Escaping Saddles with Stochastic Gradients

TL;DR

This paper demonstrates that stochastic gradients inherently contain directional information useful for escaping saddle points in non-convex optimization, enabling simpler algorithms to achieve convergence without added noise.

Contribution

It introduces a new assumption showing SGD's natural ability to escape saddles, and provides the first dimension-independent convergence rate for plain SGD to second-order stationary points.

Findings

Stochastic gradients have strong variance along negative curvature directions.

Variance of stochastic gradients is proportional to eigenvalues, not dimension.
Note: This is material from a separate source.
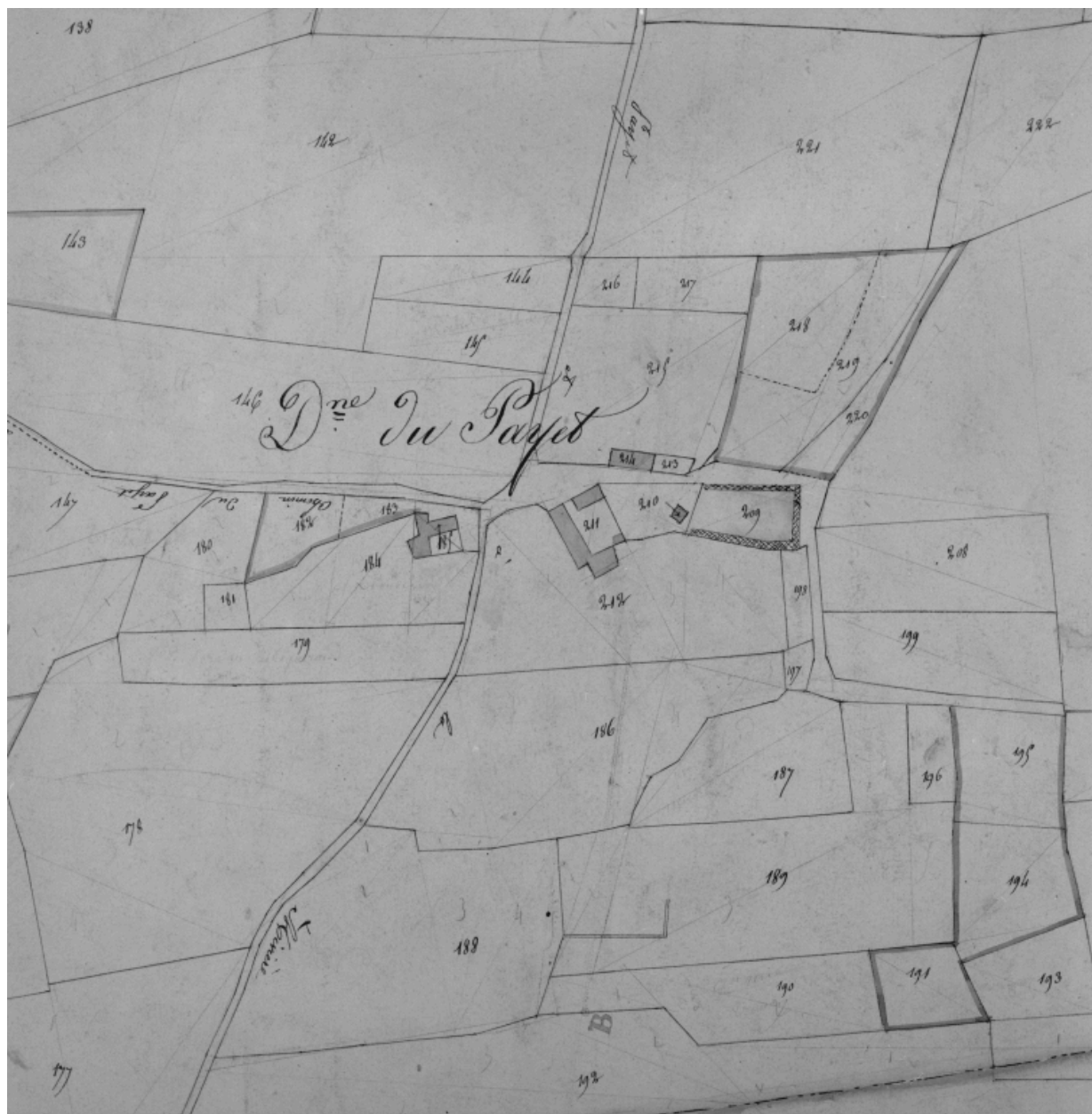
Plan cadastral ancien, 1826. Section C1, détail du Domaine du Payet, échelle originale 1/2500e.

Plain SGD can converge to second-order stationary points without explicit noise.

Abstract

We analyze the variance of stochastic gradients along negative curvature directions in certain non-convex machine learning models and show that stochastic gradients exhibit a strong component along these directions. Furthermore, we show that - contrary to the case of isotropic noise - this variance is proportional to the magnitude of the corresponding eigenvalues and not decreasing in the dimensionality. Based upon this observation we propose a new assumption under which we show that the injection of explicit, isotropic noise usually applied to make gradient descent escape saddle points can successfully be replaced by a simple SGD step. Additionally - and under the same condition - we derive the first convergence rate for plain SGD to a second-order stationary point in a number of iterations that is independent of the problem dimension.